→ **Task to carry out**
Please return the lines from the one with "Von Engeln angebetetes" through the end of the listing below, word for word, with every picture left out.

→ **Listed records**
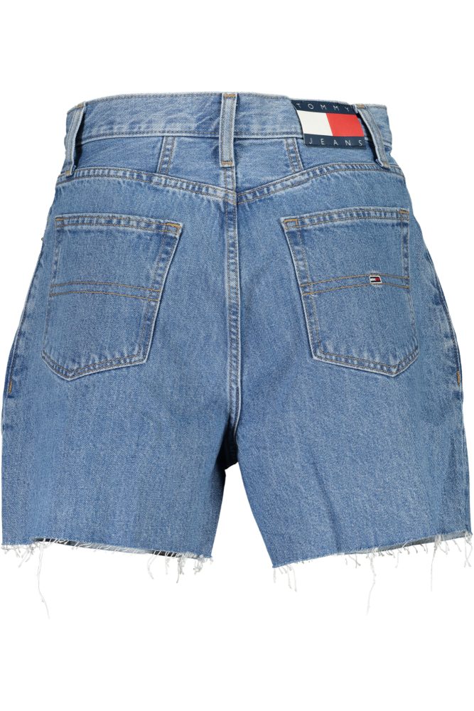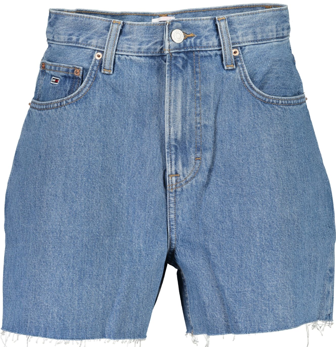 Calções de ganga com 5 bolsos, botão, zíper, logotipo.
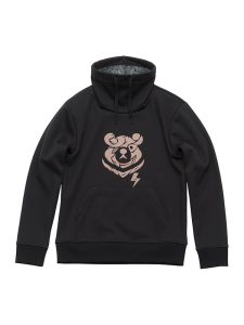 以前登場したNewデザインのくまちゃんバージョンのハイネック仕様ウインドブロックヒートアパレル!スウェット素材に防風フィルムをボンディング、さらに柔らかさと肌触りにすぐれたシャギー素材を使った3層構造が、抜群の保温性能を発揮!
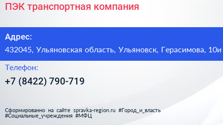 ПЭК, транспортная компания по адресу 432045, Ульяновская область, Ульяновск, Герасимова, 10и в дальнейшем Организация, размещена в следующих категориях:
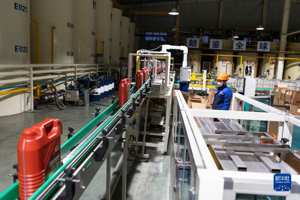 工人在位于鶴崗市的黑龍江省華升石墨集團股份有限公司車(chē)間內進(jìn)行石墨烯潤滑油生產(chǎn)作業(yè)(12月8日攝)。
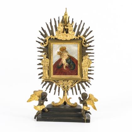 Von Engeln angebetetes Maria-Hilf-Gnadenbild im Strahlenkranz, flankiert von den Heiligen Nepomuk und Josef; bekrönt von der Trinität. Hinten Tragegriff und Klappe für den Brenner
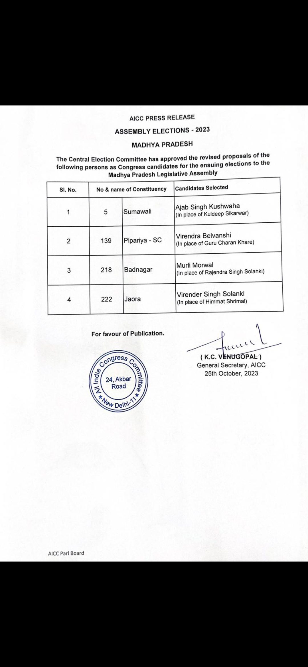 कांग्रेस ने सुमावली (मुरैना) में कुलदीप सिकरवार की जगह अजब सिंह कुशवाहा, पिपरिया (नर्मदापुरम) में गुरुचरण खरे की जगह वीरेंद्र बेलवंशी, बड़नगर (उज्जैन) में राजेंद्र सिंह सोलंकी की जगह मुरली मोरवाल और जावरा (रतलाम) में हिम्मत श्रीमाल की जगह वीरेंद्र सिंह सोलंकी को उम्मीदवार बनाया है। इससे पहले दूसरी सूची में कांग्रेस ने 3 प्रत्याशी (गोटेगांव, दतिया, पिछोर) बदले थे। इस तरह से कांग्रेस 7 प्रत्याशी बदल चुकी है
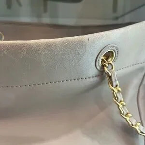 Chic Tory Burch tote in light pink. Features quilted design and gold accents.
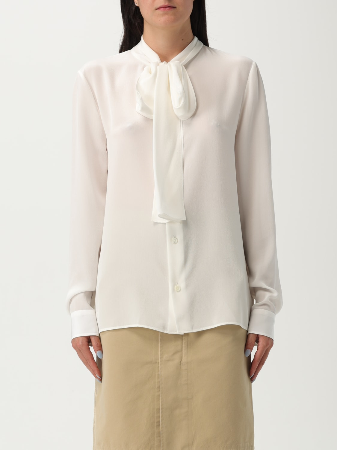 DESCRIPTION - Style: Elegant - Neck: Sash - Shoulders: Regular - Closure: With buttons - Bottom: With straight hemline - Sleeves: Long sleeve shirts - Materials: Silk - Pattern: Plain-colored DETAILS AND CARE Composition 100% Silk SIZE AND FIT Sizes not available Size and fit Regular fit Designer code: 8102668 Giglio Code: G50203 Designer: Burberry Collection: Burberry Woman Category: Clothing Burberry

→ **Reply**
 Von Engeln angebetetes Maria-Hilf-Gnadenbild im Strahlenkranz, flankiert von den Heiligen Nepomuk und Josef; bekrönt von der Trinität. Hinten Tragegriff und Klappe für den Brenner
 कांग्रेस ने सुमावली (मुरैना) में कुलदीप सिकरवार की जगह अजब सिंह कुशवाहा, पिपरिया (नर्मदापुरम) में गुरुचरण खरे की जगह वीरेंद्र बेलवंशी, बड़नगर (उज्जैन) में राजेंद्र सिंह सोलंकी की जगह मुरली मोरवाल और जावरा (रतलाम) में हिम्मत श्रीमाल की जगह वीरेंद्र सिंह सोलंकी को उम्मीदवार बनाया है। इससे पहले दूसरी सूची में कांग्रेस ने 3 प्रत्याशी (गोटेगांव, दतिया, पिछोर) बदले थे। इस तरह से कांग्रेस 7 प्रत्याशी बदल चुकी है
 Chic Tory Burch tote in light pink. Features quilted design and gold accents.
 DESCRIPTION - Style: Elegant - Neck: Sash - Shoulders: Regular - Closure: With buttons - Bottom: With straight hemline - Sleeves: Long sleeve shirts - Materials: Silk - Pattern: Plain-colored DETAILS AND CARE Composition 100% Silk SIZE AND FIT Sizes not available Size and fit Regular fit Designer code: 8102668 Giglio Code: G50203 Designer: Burberry Collection: Burberry Woman Category: Clothing Burberry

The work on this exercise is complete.